HOW TO COMPLETE THIS TASK: The answer is the exact run of lines in the listing below from the line containing "和泊中女子バレー部のユニフォーム背面に「夢・かなえろ」" up to and including the line containing "Economy Pumps Inc", with pictures removed.

SUPPLIED INFORMATION:
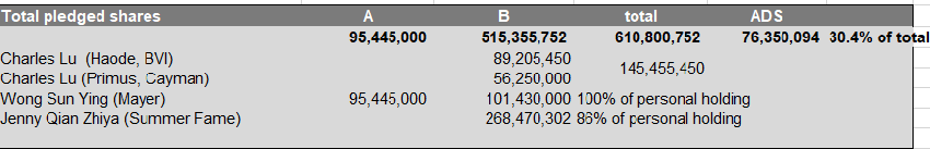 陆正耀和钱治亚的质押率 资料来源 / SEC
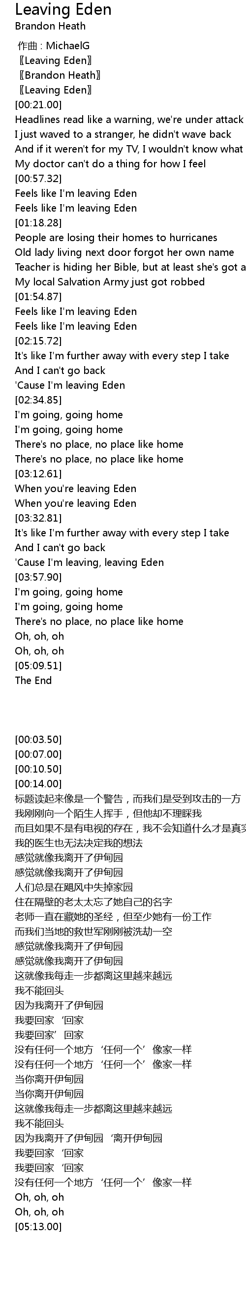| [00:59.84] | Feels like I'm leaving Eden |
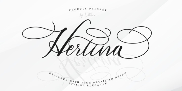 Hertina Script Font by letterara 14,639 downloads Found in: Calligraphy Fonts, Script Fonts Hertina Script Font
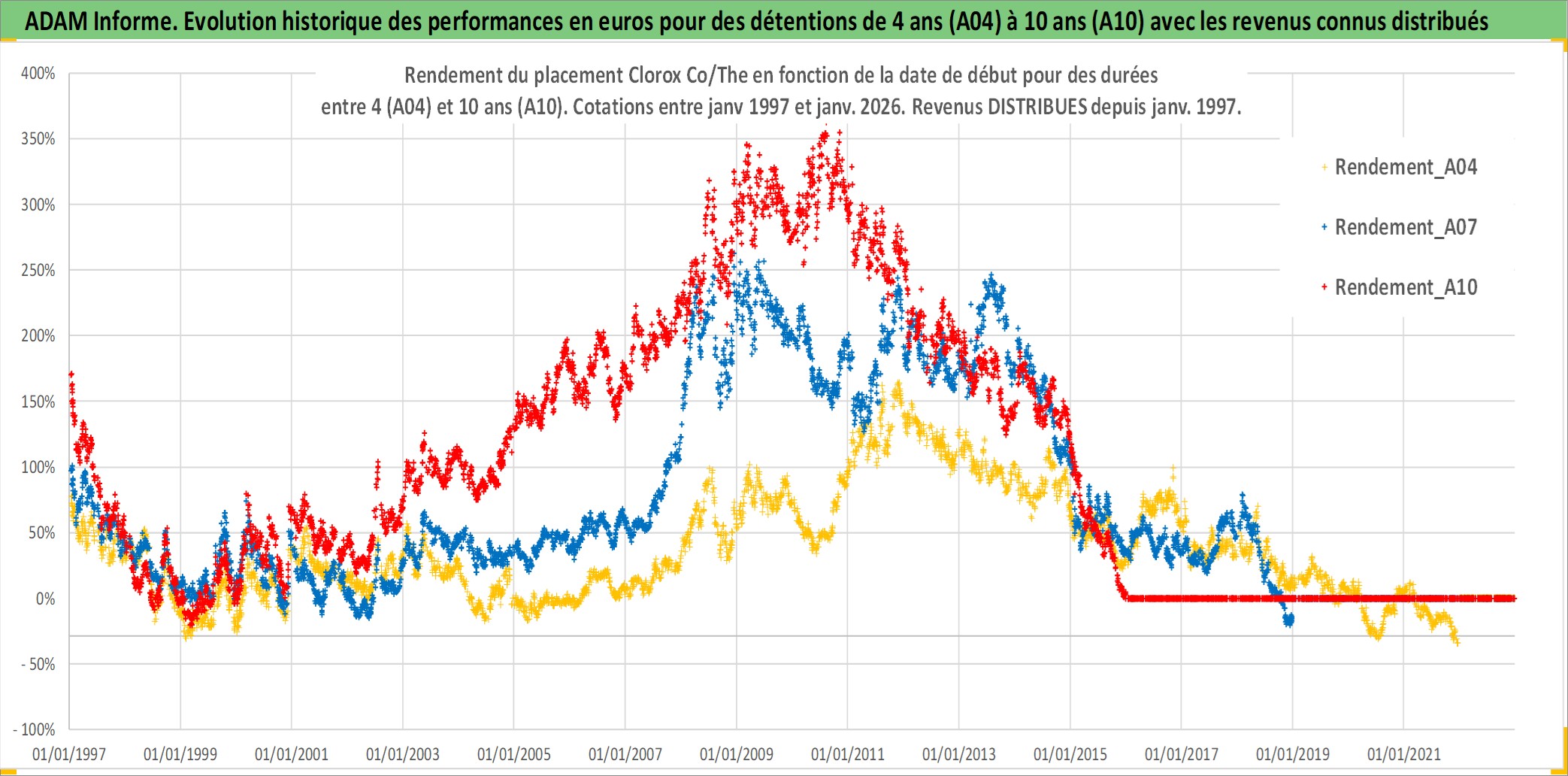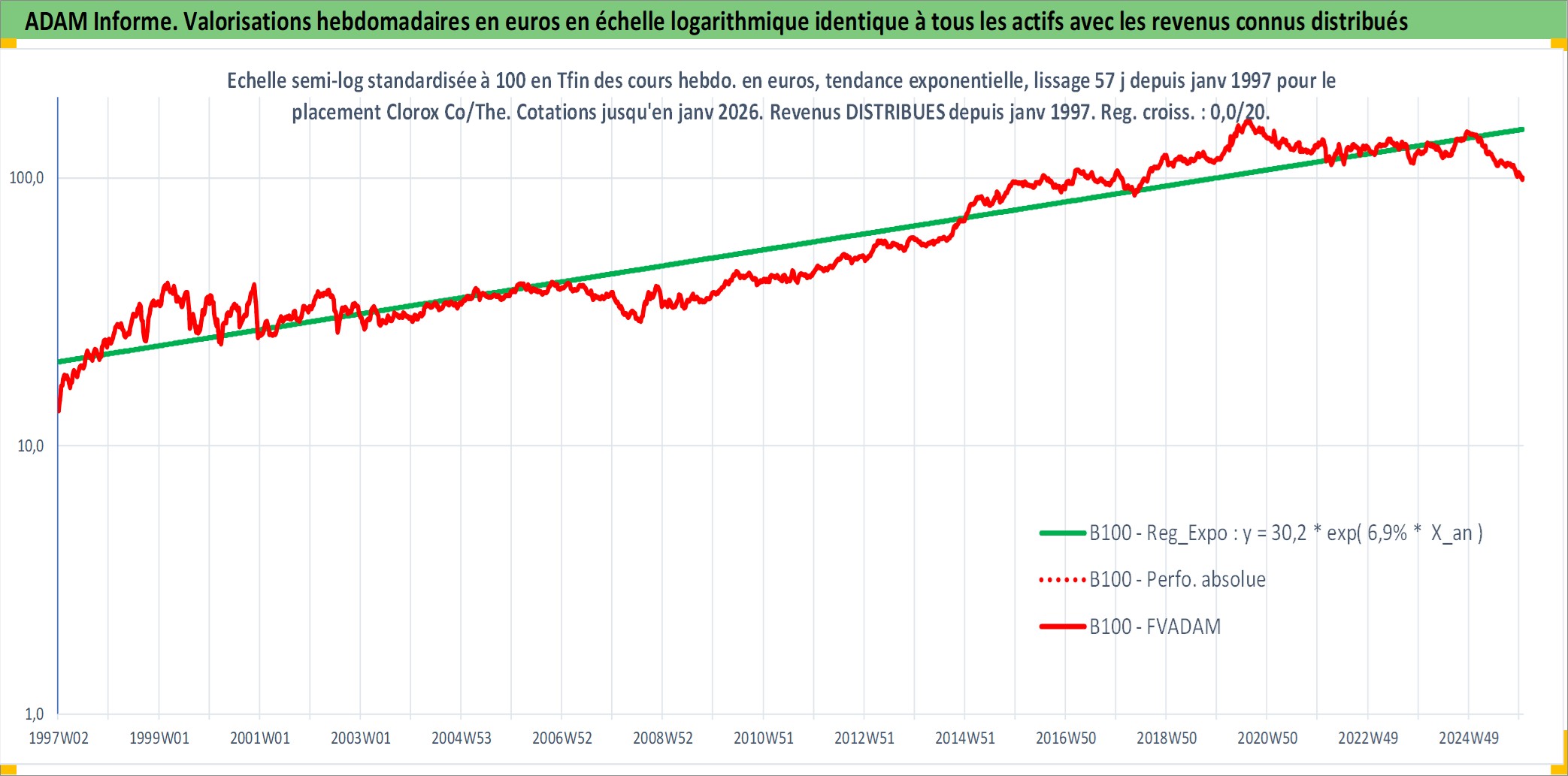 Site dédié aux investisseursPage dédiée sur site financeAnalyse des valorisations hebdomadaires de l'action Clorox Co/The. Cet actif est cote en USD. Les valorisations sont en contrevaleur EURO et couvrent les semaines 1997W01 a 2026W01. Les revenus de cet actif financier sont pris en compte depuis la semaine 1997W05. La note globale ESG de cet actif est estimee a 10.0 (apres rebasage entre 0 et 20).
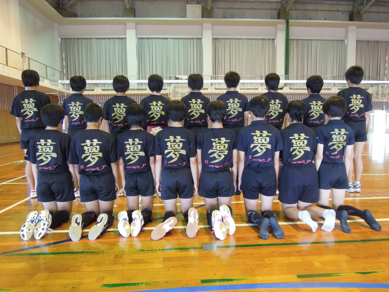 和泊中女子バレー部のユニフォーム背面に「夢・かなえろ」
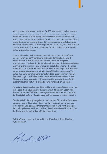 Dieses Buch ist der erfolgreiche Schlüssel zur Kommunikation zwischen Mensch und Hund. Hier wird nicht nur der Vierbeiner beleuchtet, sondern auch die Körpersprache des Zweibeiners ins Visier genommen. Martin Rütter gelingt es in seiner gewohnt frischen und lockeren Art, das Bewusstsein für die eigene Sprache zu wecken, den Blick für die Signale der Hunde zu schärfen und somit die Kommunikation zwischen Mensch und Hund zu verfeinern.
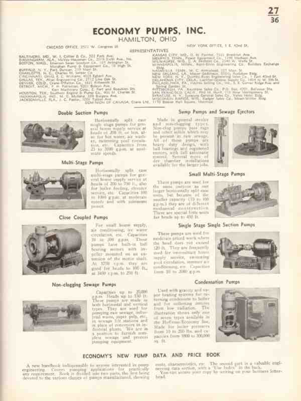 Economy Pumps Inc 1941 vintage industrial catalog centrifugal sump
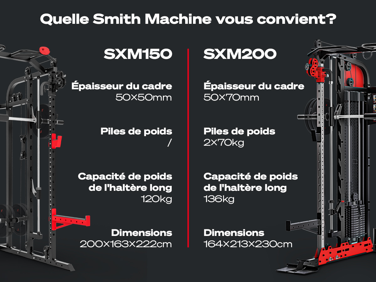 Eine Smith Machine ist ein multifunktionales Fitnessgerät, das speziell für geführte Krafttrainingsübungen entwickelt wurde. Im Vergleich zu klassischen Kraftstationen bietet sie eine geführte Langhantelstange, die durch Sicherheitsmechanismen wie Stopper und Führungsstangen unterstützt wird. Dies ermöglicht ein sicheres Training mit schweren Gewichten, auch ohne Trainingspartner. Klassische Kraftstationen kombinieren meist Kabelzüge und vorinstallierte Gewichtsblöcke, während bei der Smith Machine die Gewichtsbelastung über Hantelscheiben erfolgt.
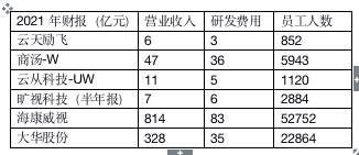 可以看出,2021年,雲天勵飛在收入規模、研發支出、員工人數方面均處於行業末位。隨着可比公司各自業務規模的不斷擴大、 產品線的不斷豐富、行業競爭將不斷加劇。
--
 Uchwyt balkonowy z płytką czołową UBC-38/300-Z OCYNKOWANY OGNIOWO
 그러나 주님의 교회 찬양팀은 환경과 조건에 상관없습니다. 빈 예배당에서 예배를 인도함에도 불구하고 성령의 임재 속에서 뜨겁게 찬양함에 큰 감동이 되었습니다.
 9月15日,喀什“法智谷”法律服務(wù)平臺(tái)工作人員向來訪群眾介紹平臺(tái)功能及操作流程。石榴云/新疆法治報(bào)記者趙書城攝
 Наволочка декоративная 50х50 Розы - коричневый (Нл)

EXERCISE RESULT:
 和泊中女子バレー部のユニフォーム背面に「夢・かなえろ」
 Dieses Buch ist der erfolgreiche Schlüssel zur Kommunikation zwischen Mensch und Hund. Hier wird nicht nur der Vierbeiner beleuchtet, sondern auch die Körpersprache des Zweibeiners ins Visier genommen. Martin Rütter gelingt es in seiner gewohnt frischen und lockeren Art, das Bewusstsein für die eigene Sprache zu wecken, den Blick für die Signale der Hunde zu schärfen und somit die Kommunikation zwischen Mensch und Hund zu verfeinern.
 Economy Pumps Inc 1941 vintage industrial catalog centrifugal sump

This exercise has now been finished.